In the entries below, find the line with "interested in crystals." and the line with "Sivas’ta katledilen 33"; copy them and every line between them exactly, but not the pictures.

# Material provided:
▬▬▬
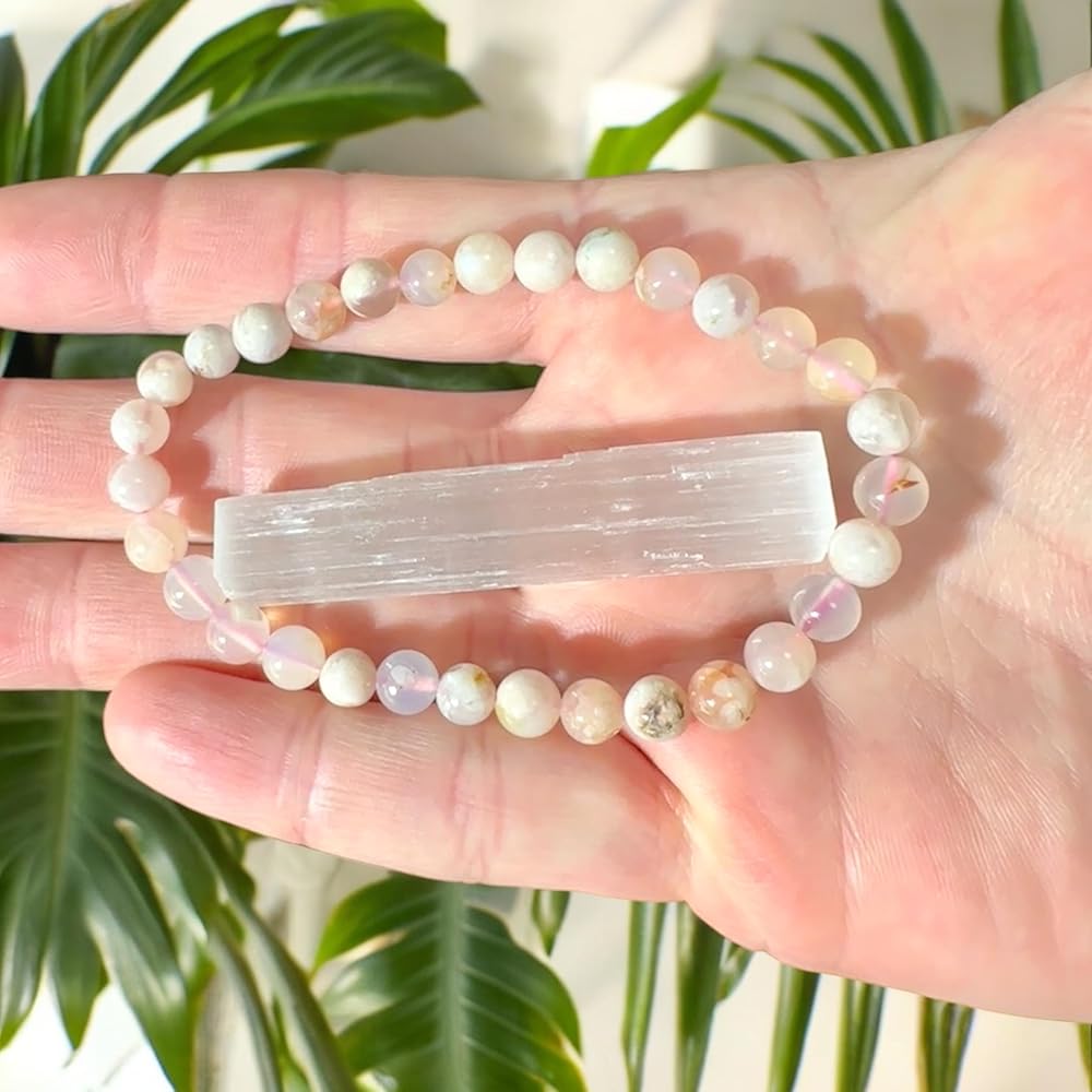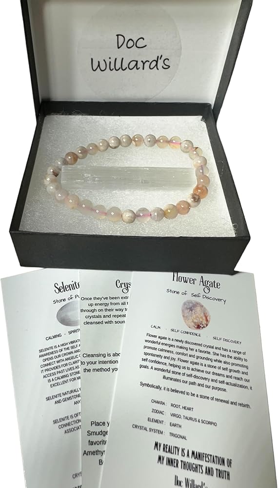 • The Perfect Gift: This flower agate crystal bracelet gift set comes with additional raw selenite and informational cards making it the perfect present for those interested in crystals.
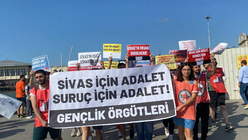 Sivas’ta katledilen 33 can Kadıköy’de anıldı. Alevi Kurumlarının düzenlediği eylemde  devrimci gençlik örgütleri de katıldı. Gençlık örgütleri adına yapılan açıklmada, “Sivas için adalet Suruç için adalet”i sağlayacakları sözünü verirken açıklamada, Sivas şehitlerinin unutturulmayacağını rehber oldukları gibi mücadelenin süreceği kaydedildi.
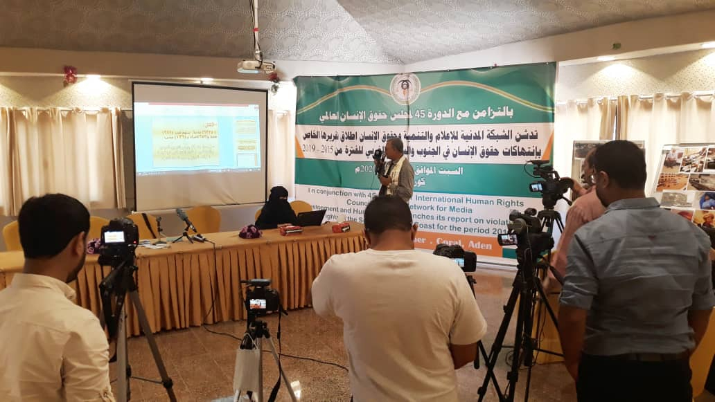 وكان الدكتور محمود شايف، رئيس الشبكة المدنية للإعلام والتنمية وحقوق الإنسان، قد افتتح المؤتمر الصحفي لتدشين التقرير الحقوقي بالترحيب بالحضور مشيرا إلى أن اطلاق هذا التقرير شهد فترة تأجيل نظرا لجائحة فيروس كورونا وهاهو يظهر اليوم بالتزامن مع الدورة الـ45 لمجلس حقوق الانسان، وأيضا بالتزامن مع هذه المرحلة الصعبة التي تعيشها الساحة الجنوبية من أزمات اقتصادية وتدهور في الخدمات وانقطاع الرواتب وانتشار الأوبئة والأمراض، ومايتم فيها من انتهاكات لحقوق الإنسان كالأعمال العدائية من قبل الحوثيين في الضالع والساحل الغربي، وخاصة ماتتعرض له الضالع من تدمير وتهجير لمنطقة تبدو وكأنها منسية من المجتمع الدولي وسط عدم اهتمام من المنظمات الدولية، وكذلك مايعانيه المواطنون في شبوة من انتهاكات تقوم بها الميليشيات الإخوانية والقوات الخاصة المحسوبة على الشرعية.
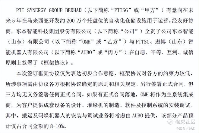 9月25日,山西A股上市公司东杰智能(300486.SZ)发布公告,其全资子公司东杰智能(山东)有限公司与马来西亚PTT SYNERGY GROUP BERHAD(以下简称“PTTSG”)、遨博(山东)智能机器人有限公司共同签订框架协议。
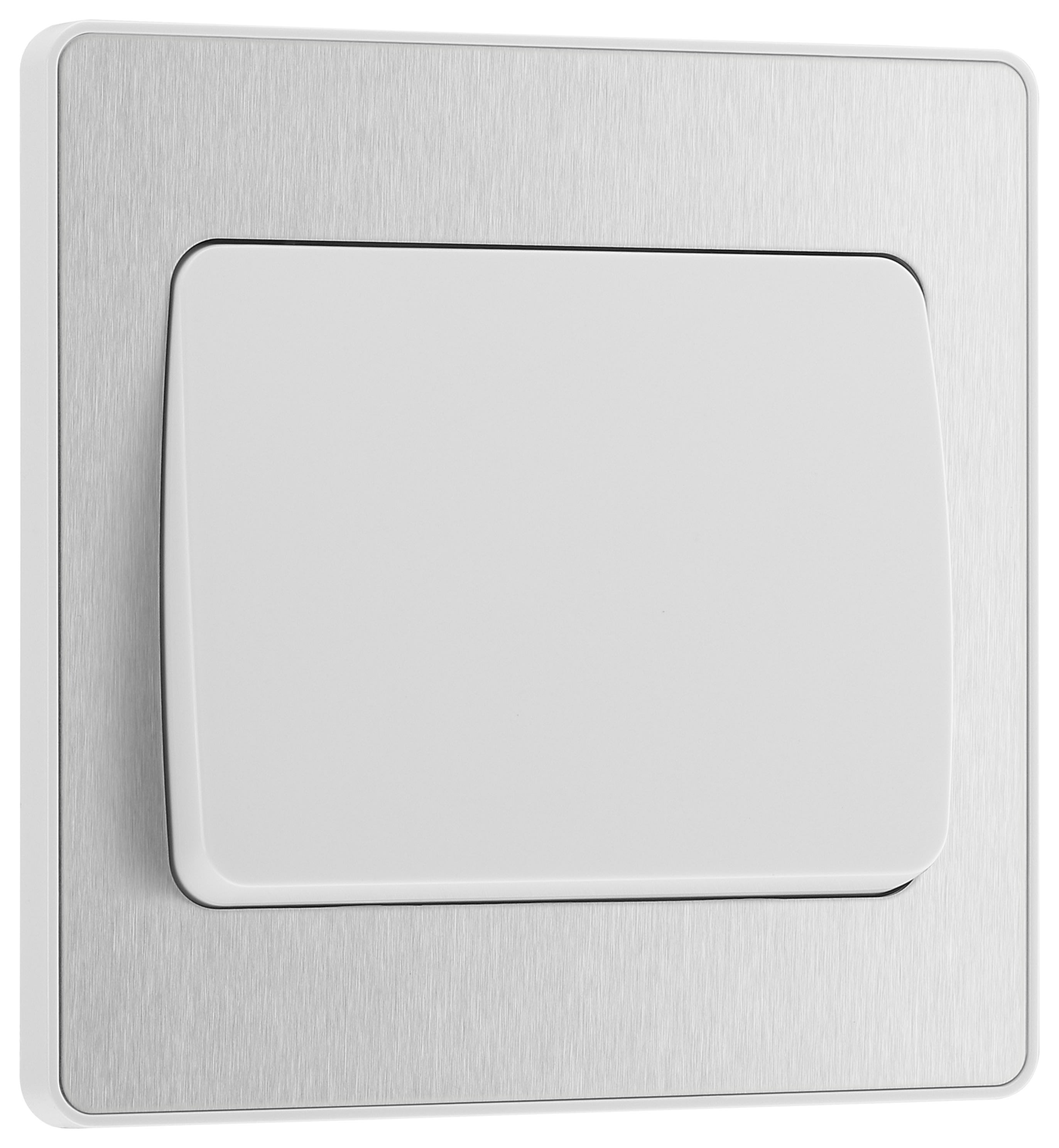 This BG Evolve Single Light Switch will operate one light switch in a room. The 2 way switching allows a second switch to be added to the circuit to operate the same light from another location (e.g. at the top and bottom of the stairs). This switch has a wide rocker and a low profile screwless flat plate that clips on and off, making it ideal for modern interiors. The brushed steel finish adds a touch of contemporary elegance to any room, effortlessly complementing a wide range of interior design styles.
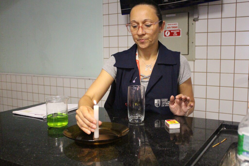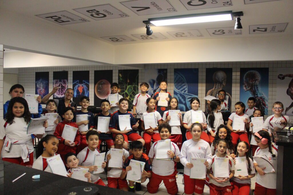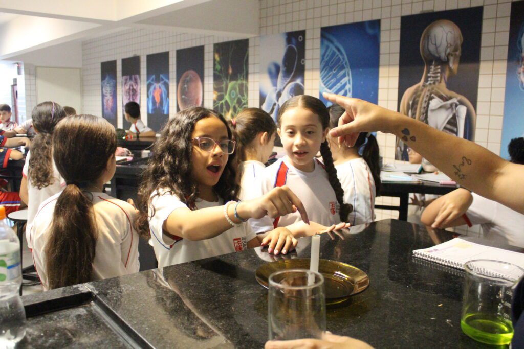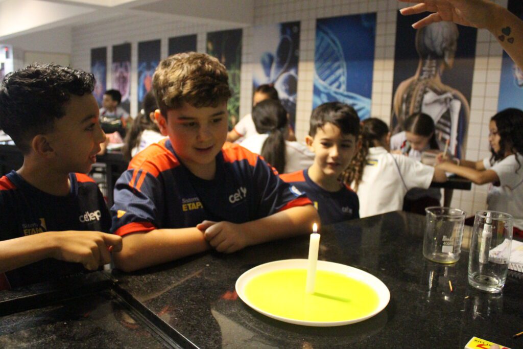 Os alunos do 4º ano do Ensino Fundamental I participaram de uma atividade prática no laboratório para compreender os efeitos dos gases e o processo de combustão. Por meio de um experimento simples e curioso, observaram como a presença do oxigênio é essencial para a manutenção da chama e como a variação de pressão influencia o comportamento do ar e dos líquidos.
▬▬▬
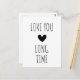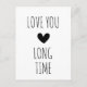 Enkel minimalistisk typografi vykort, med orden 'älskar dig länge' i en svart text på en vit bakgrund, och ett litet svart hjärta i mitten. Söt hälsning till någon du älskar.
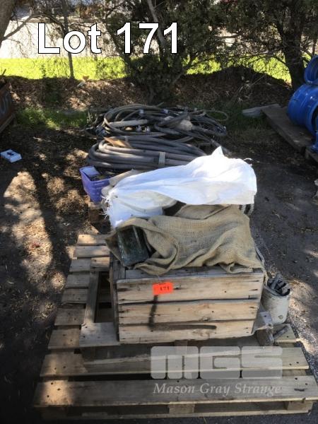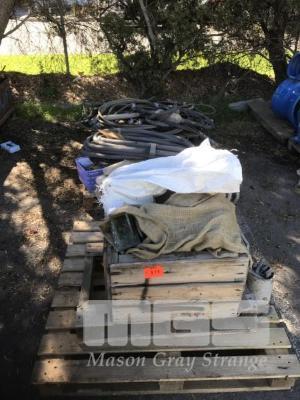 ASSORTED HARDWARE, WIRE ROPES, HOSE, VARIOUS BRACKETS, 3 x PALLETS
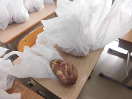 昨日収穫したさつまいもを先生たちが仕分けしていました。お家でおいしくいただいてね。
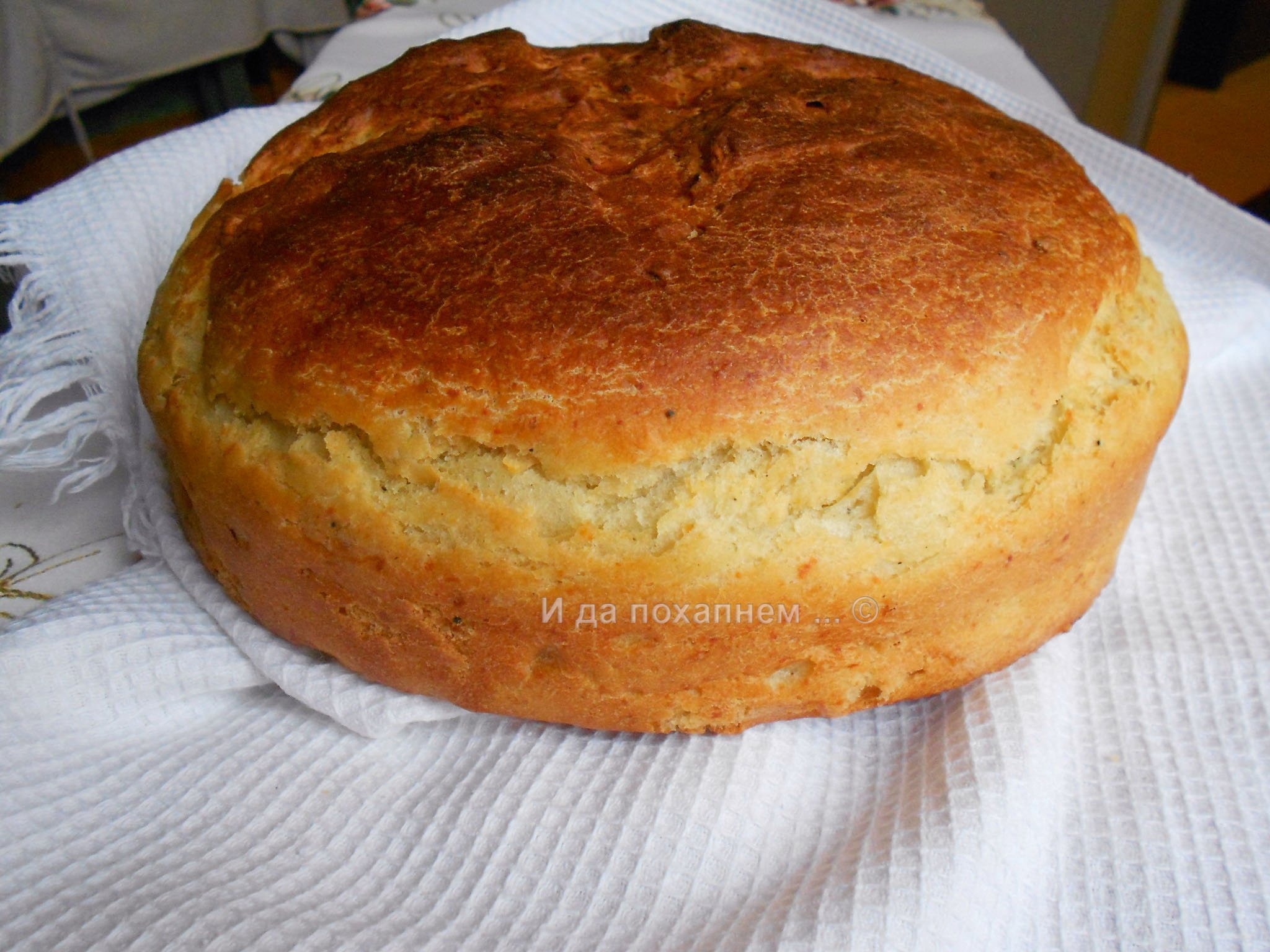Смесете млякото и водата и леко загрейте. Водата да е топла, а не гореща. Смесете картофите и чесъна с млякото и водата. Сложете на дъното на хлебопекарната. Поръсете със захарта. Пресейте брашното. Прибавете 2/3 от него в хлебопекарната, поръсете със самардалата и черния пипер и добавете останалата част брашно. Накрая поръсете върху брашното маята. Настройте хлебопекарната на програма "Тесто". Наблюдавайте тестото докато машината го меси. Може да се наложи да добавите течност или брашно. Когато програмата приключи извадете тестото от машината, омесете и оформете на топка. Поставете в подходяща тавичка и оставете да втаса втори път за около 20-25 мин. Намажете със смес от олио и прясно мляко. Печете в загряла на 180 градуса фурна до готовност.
▬▬▬
# Reply to the task:
 • The Perfect Gift: This flower agate crystal bracelet gift set comes with additional raw selenite and informational cards making it the perfect present for those interested in crystals.
 Sivas’ta katledilen 33 can Kadıköy’de anıldı. Alevi Kurumlarının düzenlediği eylemde  devrimci gençlik örgütleri de katıldı. Gençlık örgütleri adına yapılan açıklmada, “Sivas için adalet Suruç için adalet”i sağlayacakları sözünü verirken açıklamada, Sivas şehitlerinin unutturulmayacağını rehber oldukları gibi mücadelenin süreceği kaydedildi.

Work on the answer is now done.